Pékin face à l'Asie centrale
Est-il opportun de s'intéresser aux états d'Asie centrale, comme le Kazakhstan, l’Ouzbékistan, le Kirghizstan, le Tadjikistan ou le Turkménistan ? Ils sont, dans notre souvenir, un lieu du pouvoir soviétique défunt, mais nous n'avons sans doute pas mesuré combien ils sont devenus un enjeu essentiel de ce qui se passe en Asie pour des motifs géographiques et culturels, mais aussi de ressources minérales. Les influences russes persistent, mais Pékin, Ankara et Téhéran sont entrés dans un "Grand Jeu" diplomatique, titre de ce remarquable livre. Certes, prédire l'avenir n'est pas plus simple ici qu'ailleurs et même sans doute moins. Mais mesurer les enjeux, comprendre les attentes des compétiteurs et, tout simplement, mieux connaître ces pays est une donnée de culture générale plutôt rare, qu'offre ce livre.
La Chine est incontestablement l'acteur qui a le plus profondément changé depuis la fin du soviétisme et dont les ambitions ont peu à peu reçu les moyens nécessaires, économiques et militaires, apportés par la richesse croissante de la Chine. En face, la Russie a non seulement perdu son autorité légale sur ces immenses territoires, mais aussi, progressivement, les moyens de ses ambitions, son PIB étant moins du 10e de celui de la Chine. S'il est facile de comprendre la rivalité qui s'exerce là entre eux pour le contrôle des immenses richesses minérales de ces pays, il l'est aussi de voir dans un tel rapport de forces une des clés de l'avenir de ces pays.
De plus, pour la Chine, ces pays ont un intérêt stratégique essentiel, celui d'être traversé par les "Nouvelles routes de la soie", ces voies en cours d'établissement du trafic commercial vers l'Ouest et véhicules de l'influence "soft" de ce pays. La Chine est par ailleurs un partenaire commercial essentiel de cette Asie Centrale qui renforce ainsi sa position au fur et à mesure de la croissance de sa production industrielle et des besoins considérables qu'elle entraîne.

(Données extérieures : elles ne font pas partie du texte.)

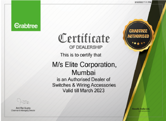Founded and established in 1998 by proprietor Mr. Ketan Thakker who has an experience of more than 30 years in the Indian electrical business market, Elite Corporation is dedicated to providing top notch customer service at highly competitive prices.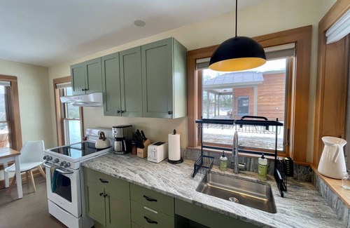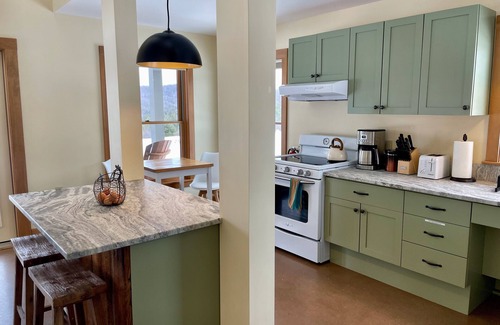 Ascutney Cabin is great for couples or families with small children. This is a PET FRIENDLY cabin. The cabin is about 660 sq feet. It has a fully equipped kitchen, a private bathroom with a tub/ shower combo, a comfortable size bedroom with a queen bed, and a sofa sleeper in the living area that has a queen mattress. Enjoy your breakfast of farm fresh eggs while sitting in your little breakfast nook and stare out the big windows at the beautiful views.

Le livre montre bien le jeu stratégique mené par la Chine, qui, là comme au Xinjiang, espère apporter paix et harmonie et donc reconnaissance, en aidant le développement économique de ses partenaires. Elle traite ses Nouvelles routes de la soie comme un vecteur de cette politique (le Tianxia). Réussira-t-elle ? L'auteur est réservé sur le succès de cette stratégie qui, jusqu'ici, n'a pas fonctionné au Xinjiang et qui apparaît comme un piège d'endettement pour les pays concernés, qui sont donc partiellement sur la défensive.
De plus, l'auteur nous fait plonger dans les méandres obscurs de la maladie de l'Islam qu'est le terrorisme dans ses variantes multiples. Chacun des pays de l'Asie centrale y est confronté, avec des réactions aussi différentes qu'il y a de pays, sans oublier le rôle joué par l'Afghanistan ou même le Pakistan, ce que l'Inde ne peut d'ailleurs pas ignorer. Quant à la Chine, elle y est confrontée dans son rapport tendu devenu violent avec les populations ouïghoures, montrant ainsi une réalité d'exercice du pouvoir qui ne joue pas en sa faveur dans ces enjeux.
Ajoutons au passage les influences encore vivantes que la Perse a eues sur certains de ces pays et celles du rêve panturc issu des souvenirs ottomans, ce que la Turquie joue dans ce "Grand Jeu". Ces liens persistants, même modestes, ajoutent à la complexité de cette situation que l'Europe ne peut pas et ne doit pas négliger pour la sécurité de ses approvisionnements stratégiques et parce que la rivalité Russie - Chine dans cette région peut conduire à des développements qui ne peuvent que la concerner.
Merci donc à ce livre, à l'extraordinaire masse d'informations et de propositions qu'il apporte. Ceci a été permis par l'intime connaissance que l'auteur a de ce monde si lointain pour la majorité d'entre nous. Connaissance académique profonde, mais aussi vécue, qui lui permet de sonner souvent si juste.